==== EXCERPTED RECORDS

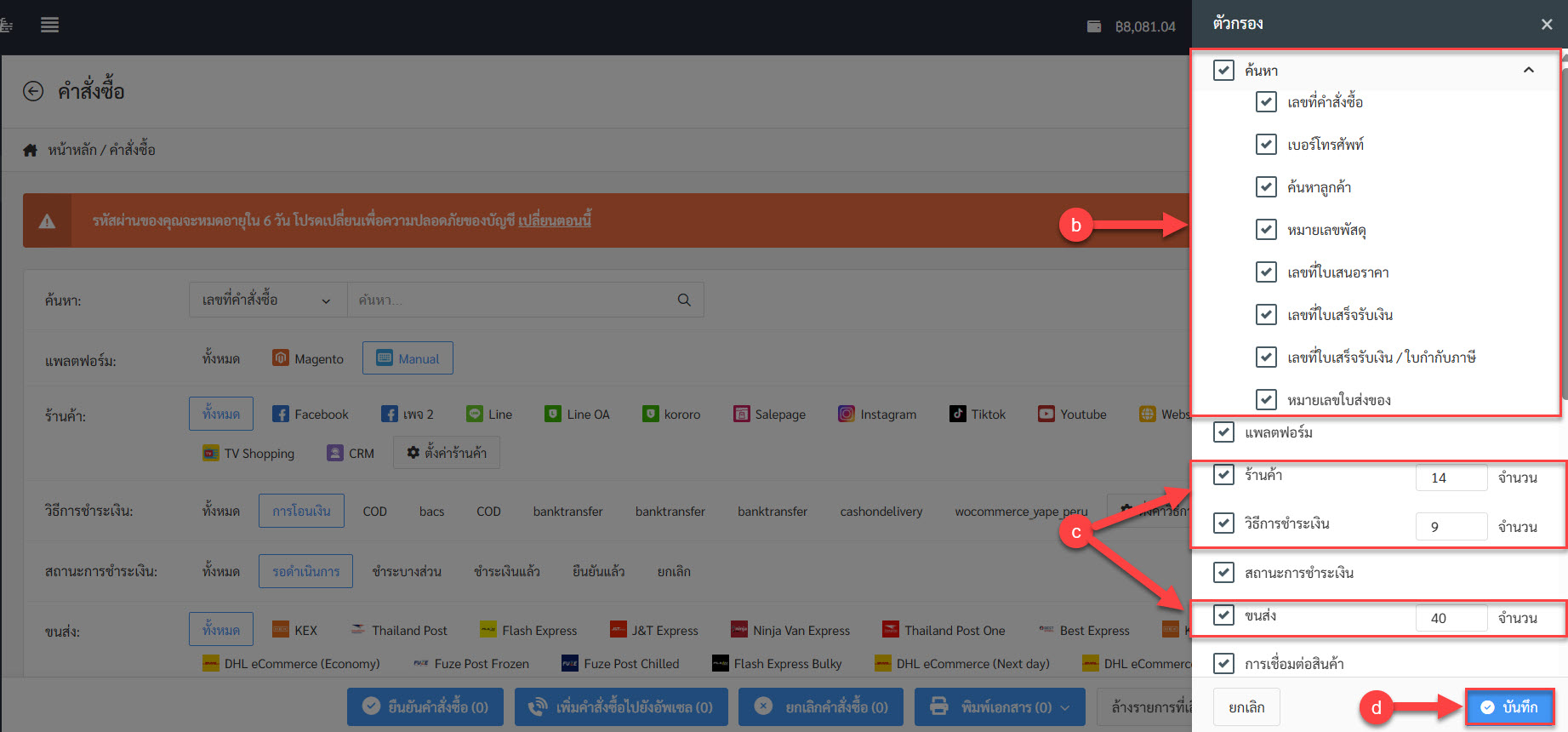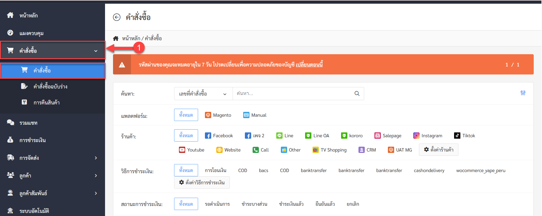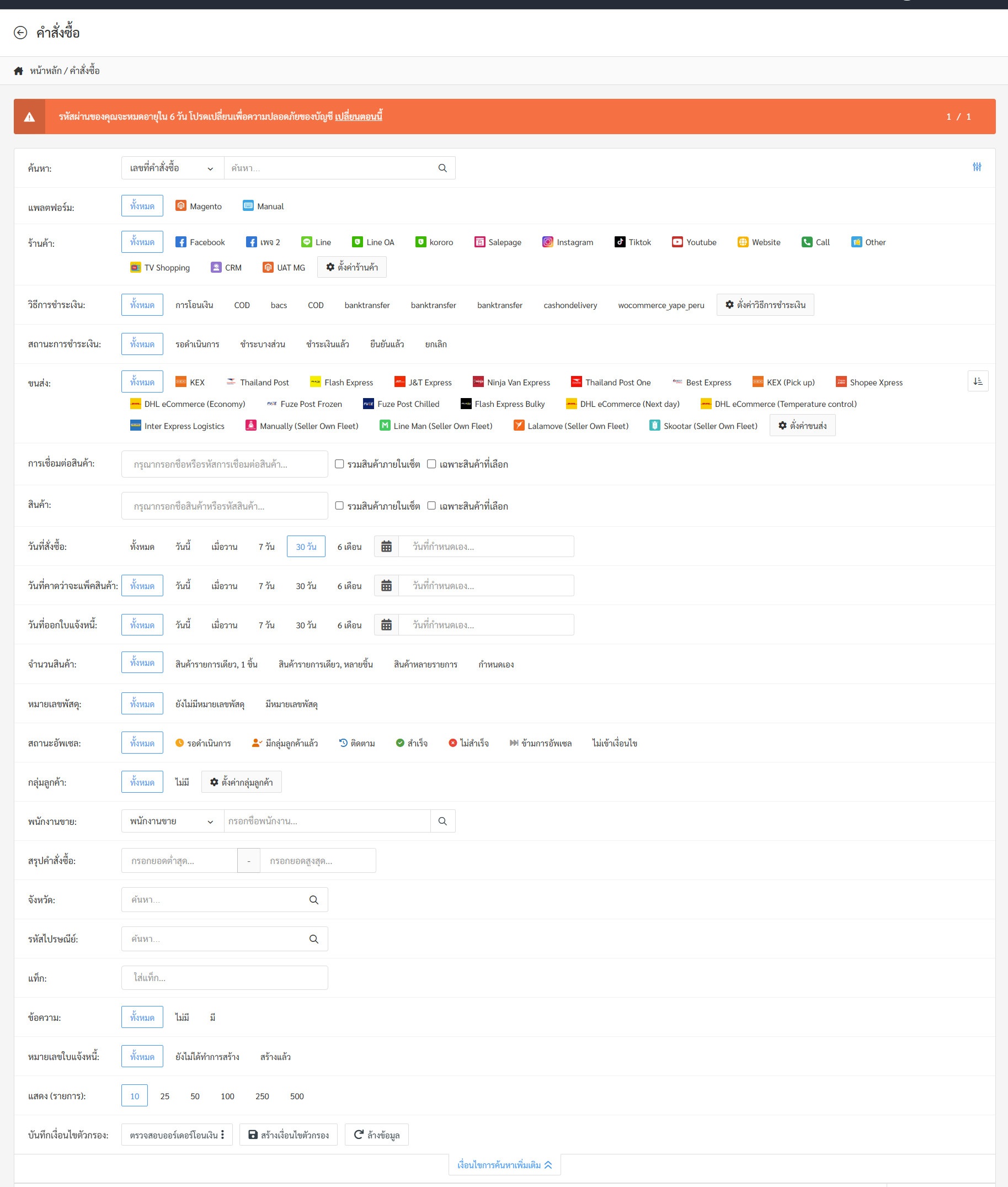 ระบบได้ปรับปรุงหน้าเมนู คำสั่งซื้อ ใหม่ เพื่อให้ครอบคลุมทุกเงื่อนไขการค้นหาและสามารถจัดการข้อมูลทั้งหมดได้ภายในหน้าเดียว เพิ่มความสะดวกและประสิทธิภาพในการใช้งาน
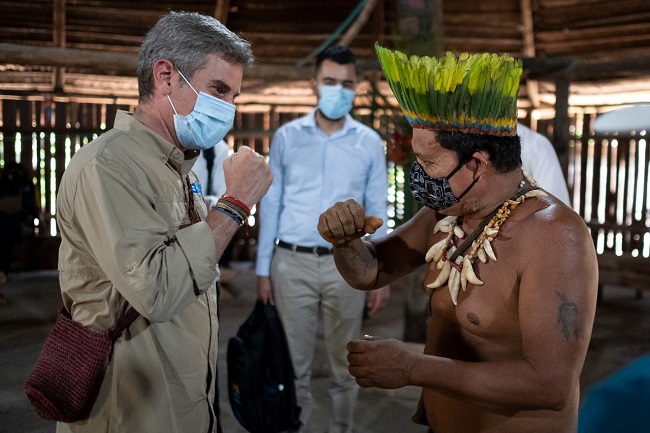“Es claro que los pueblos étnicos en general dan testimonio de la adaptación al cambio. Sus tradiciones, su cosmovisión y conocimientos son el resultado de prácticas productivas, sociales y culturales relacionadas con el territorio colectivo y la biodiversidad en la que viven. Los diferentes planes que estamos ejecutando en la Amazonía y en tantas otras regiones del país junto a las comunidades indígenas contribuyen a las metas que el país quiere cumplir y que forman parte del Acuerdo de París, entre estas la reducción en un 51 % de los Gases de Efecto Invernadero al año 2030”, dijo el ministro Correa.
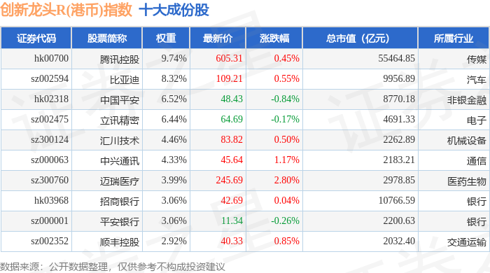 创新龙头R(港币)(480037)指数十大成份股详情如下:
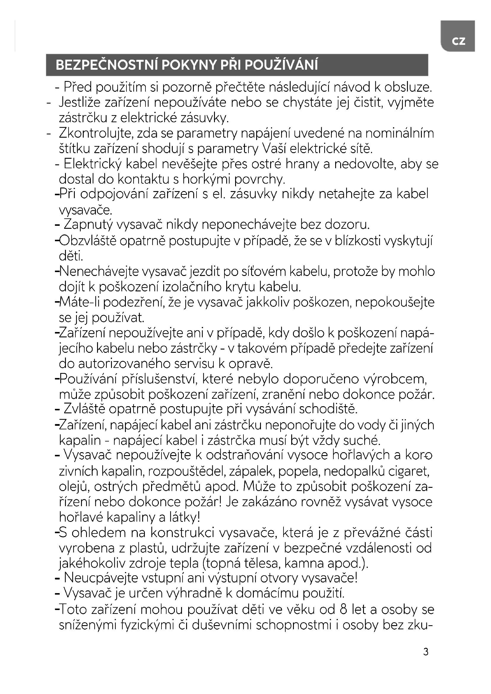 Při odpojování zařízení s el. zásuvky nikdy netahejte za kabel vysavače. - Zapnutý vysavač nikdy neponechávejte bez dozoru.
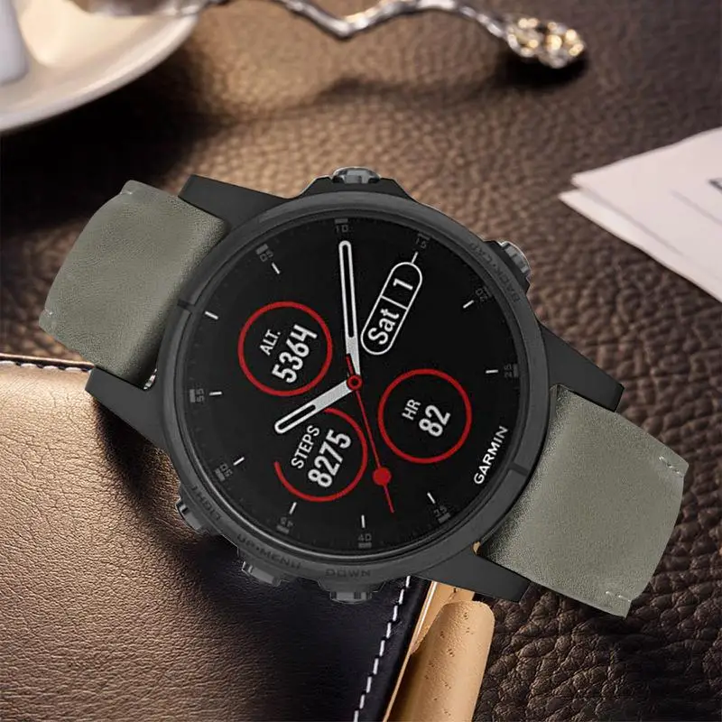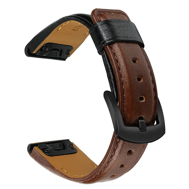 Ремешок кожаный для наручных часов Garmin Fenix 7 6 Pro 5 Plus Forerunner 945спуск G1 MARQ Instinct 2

========
==== EXCERPTED RECORDS

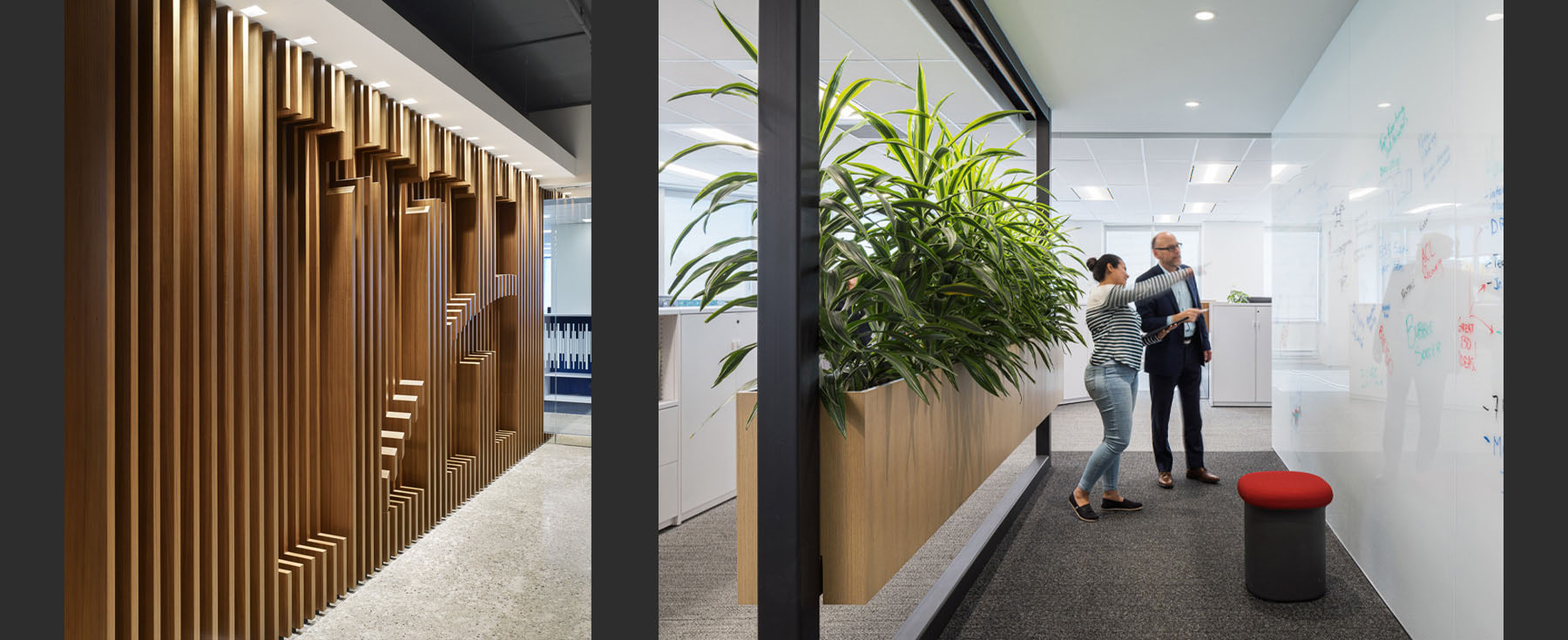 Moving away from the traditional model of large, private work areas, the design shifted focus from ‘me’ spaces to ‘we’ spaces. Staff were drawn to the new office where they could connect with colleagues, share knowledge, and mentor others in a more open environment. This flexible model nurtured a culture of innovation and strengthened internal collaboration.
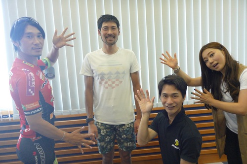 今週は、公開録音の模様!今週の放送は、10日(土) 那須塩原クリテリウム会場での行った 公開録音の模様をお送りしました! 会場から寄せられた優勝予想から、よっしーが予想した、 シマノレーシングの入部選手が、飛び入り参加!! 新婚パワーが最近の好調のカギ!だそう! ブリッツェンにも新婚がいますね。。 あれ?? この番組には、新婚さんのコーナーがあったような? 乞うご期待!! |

========

### WORK ITEM
From the records above, output only the lines starting at the one containing "ระบบได้ปรับปรุงหน้าเมนู คำสั่งซื้อ ใหม่" and ending at the one containing "Ремешок кожаный для", word for word. Pictures stay out.

### EXERCISE ANSWER
 ระบบได้ปรับปรุงหน้าเมนู คำสั่งซื้อ ใหม่ เพื่อให้ครอบคลุมทุกเงื่อนไขการค้นหาและสามารถจัดการข้อมูลทั้งหมดได้ภายในหน้าเดียว เพิ่มความสะดวกและประสิทธิภาพในการใช้งาน
“Es claro que los pueblos étnicos en general dan testimonio de la adaptación al cambio. Sus tradiciones, su cosmovisión y conocimientos son el resultado de prácticas productivas, sociales y culturales relacionadas con el territorio colectivo y la biodiversidad en la que viven. Los diferentes planes que estamos ejecutando en la Amazonía y en tantas otras regiones del país junto a las comunidades indígenas contribuyen a las metas que el país quiere cumplir y que forman parte del Acuerdo de París, entre estas la reducción en un 51 % de los Gases de Efecto Invernadero al año 2030”, dijo el ministro Correa.
 创新龙头R(港币)(480037)指数十大成份股详情如下:
 Při odpojování zařízení s el. zásuvky nikdy netahejte za kabel vysavače. - Zapnutý vysavač nikdy neponechávejte bez dozoru.
 Ремешок кожаный для наручных часов Garmin Fenix 7 6 Pro 5 Plus Forerunner 945спуск G1 MARQ Instinct 2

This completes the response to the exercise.